Naturally, Laz steps in front of Rae and does all kinds of manly things that read as patriarchal for the first time. Just as naturally, he slaps the gun free of Ronnie's hand and calls for the Reverend. He looks on as Rae and Ronnie receive the pastoral counseling he and his wife never got. Ronnie weepingly says that Rae fixed him, but he can't fix her. (Seriously, right now there are two things that have me on the verge of murderous rampage: Fucking gauchos and fiction that romanticizes this notion that one person in a relationship "fixes" the other.) Rae, in her turn, says she thinks that they're both fucked up, and she'll understand if Ronnie wants to give up on her, "But please don't." And with those three words, Ricci very nearly makes the entire scene work.

But the denouement is just a little too silly, and ends up shading to creepy. Laz, of course, goes to beg Miss Angie's help with his "niece" one more time. Lincoln helps Ronnie tie his tie, turning him so that they're both facing the side mirror of the car. Rae emerges from Laz's house in a teeny, strapless white dress and ridiculously over-the-top veil. But worst of all, in addition to exchanging rings, Ronnie fastens a gold belly chain around Rae's waist. And all the problematic, fucked-up symbolism and the baggage is watered down to a chastity belt. (Again, M was able to buy it as a "fetish" in the most literal sense of the word—a physical object imbued with power that can be transfered to the one who holds it, but I was just too comprehensively grumped out to entertain this possibility.)

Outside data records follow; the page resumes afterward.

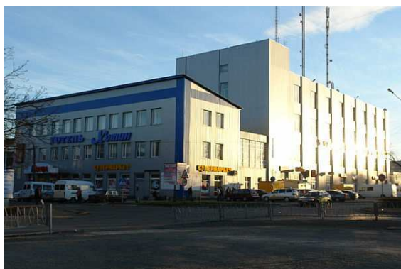
Торговельний центр у центрі міста
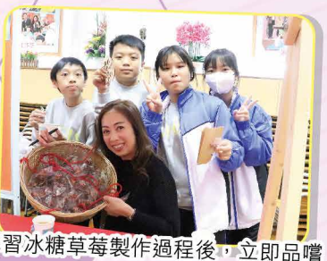
學習冰糖草莓製作過程後，立即品嚐
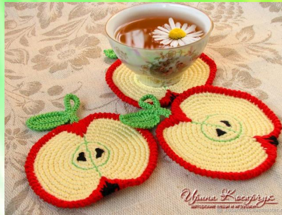
Идея № 2
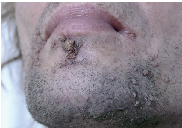
Obr. 1. Verrucae vulgares u HIV pozitivného pacienta na brade a v periorálnej oblasti

Pacient je monitorovaný pre HIV infekciu a v súčasnosti liečený trojkombináciou spomínaných anti-HIV liekov, ktorú užíval aj počas lokálnej liečby HPV infekcie 5% imiquimodom. Lokálna terapia imiquimodom sa aplikovala cielene na prejavy 3x týždenne počas 1 mesiaca. Postupne došlo k deštrukcii patologických lézií iba s miernou lokálnou reakciou v podobe erytému. Iné lokálne ani celkové vedľajšie účinky neboli zaznamenané. Počas ročného sledovania je pacient bez prejavov HPV infekcie.
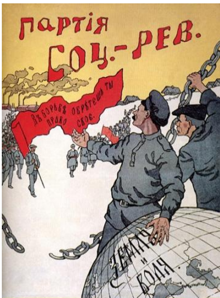
Передвиборний плакат есерів, 1917 рік
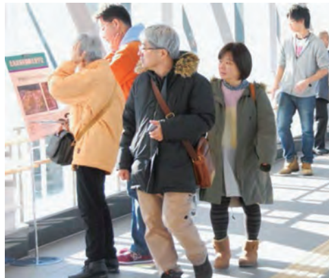
多くの方が見学に訪れました

開業が迫っている「奥津軽いまべつ駅」を一目見ようと、会場には約400人の町内外の方々が来場しました。見学順路には「町の伝統芸能『荒馬』の衣装をイメージした、赤、黄、ピンクの扉が使用されています」などと書かれたパネルが設置され、見学者は駅舎内の様子を写真に収めていました。また、駅舎入口から改札口に延びる連絡通路は、青函トンネルをイメージしており、来場した皆さんは今別町の新スポットとなる「奥津軽いまべつ駅」を堪能していました。
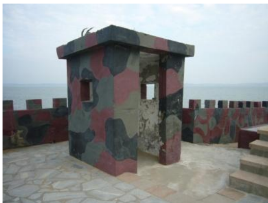
照片 2.9 迷彩塗裝
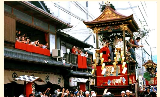
大津祭り 10月11日宵山 12日本祭
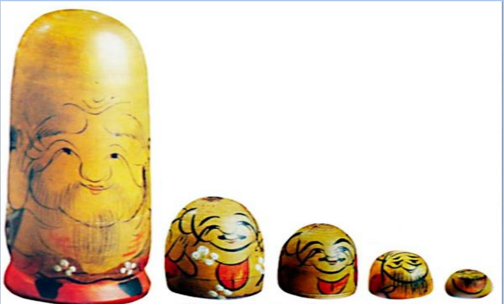
Семиместная матрешка "Фукурама", Япония, ок. 1890
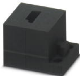
Small, slotted cable sleeves suitable for one AS-i cable, material: NBR, version: left

Please be informed that the data shown in this PDF Document is generated from our Online Catalog. Please find the complete data in the user's documentation. Our General Terms of Use for Downloads are valid ( http://phoenixcontact.com/download )
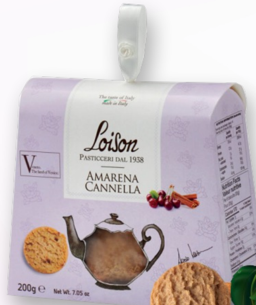
Biscuiti cu Amarena si Scorțișoară, 200g
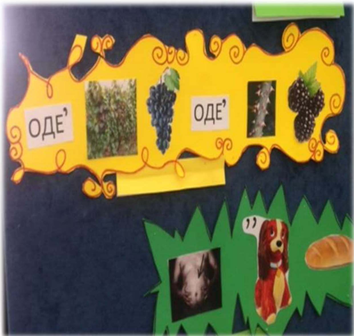
(од лозе грозд, од трна купина) (трбухом за крухом)
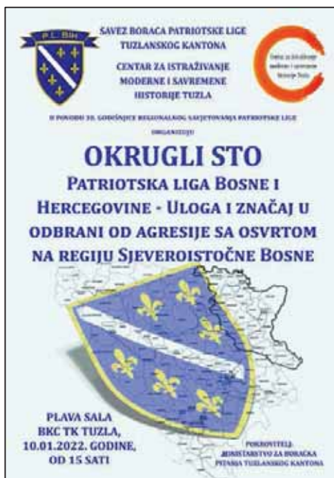
Prilog 3. Plakat okruglog stola, održanog 10.1.2022. godine.
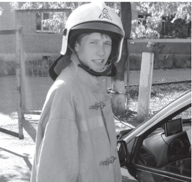
Юный помощник пожарных
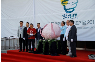
Görüntü 7: Açılış Töreni

Bu çalışma benim için KKTC Yakın Doğu Üniversitesi merkez kütüphane duvarına yaptığım "Özgürlük" isimli çalışmamdan sonra ikinci yurtdışı deneyimim olmuştu. Macsabal Müzesi ve panonun açılışı, seramik sempozyumu sergisinin açılışı Kore geleneklerine göre oluşturulan muhteşem bir açılış töreni ile yapıldı. Müze girişinin olduğu binanın tamamı beyaz bir örtü ile kaplanmıştı. Yaklaşık 15 metre uzunluğunda altı şeritten oluşan ipler ben ve şehir üst düzey yöneticilerinden oluşan 6 kişi tarafından bir anons sonrası açılmıştı. İzleyen halkın büyük alkışlarıyla önce pano ortaya çıkmış, büyük alkış almış ve sonrasında müze açılmıştı. Çok keyif aldım, büyük gurur duydum.
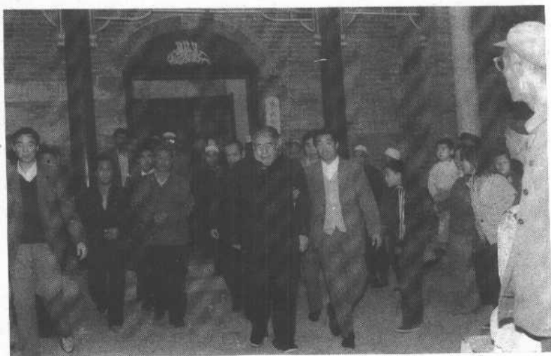
全国政协副主席杨静仁视察金岭镇清真寺
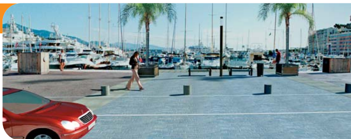
Photomontage de l'essai darse sud

En termes de matériaux et lignes de mobilier, l'option retenue a été celle de la simplicité. Elle se traduit par la pureté, la légèreté et l'élégance des formes et des matériaux. L'assise des bancs, les bornes de voirie, les bandes
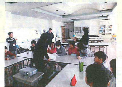
(昨年の授業の様子／小学4年生を対象に実施)
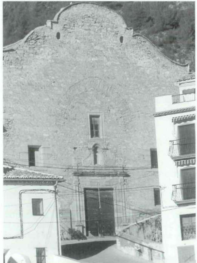
Portada de la iglesia del ex-convento en 1996.
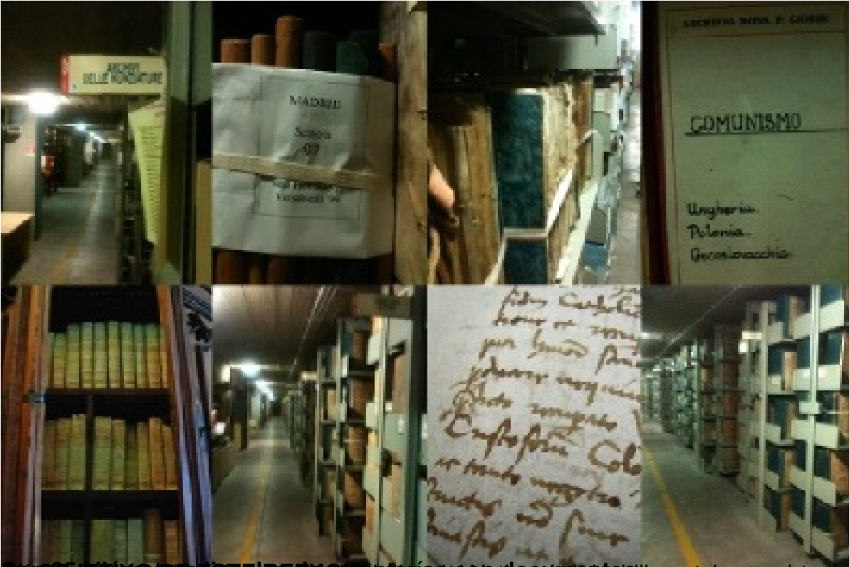
El archivo de la biblioteca de la Universidad de Salamanca, donde se encuentran los papeles de

Escrito por Irene Hernández Velasco Miércoles, 01 de Agosto de 2012 18:35

But all this stuff and nonsense is really only about 10 or 15 minutes of the whole film. And rather than leaving us on a feel-good note, Brewer shows us Rae and Ronnie finally escaping their small-town prison. They're barely out on the highway before the trucks bearing down from the side and behind send Ronnie into a panic attack. Rae's black snake moans come for her shortly thereafter, but she gets it under enough control that soon she's pulling Ronnie out of his attack. The final shot is devoted to Ricci whose look of oh-shit desperation outdoes the combined we-are-so-screwed power that closes The Graduate.

So I seem to have thought the movie considerably stronger than many, and my complaints (those not trivial) are confined to the very end of the film. I think the preceding 2 hours or so argue forcefully that this was a movie worth making and worth seeing: The music, of course, is phenomenal: The perfect sweaty, gritty, scissoring soundtrack for a story that is all angles. Most of the story is complex and challenging, and even when Brewer goes for the glossy shortcut, it's not to the usual resolution. But most of all, the performances of Ricci and Jackson (and many of the supporting players) are truly not to be missed.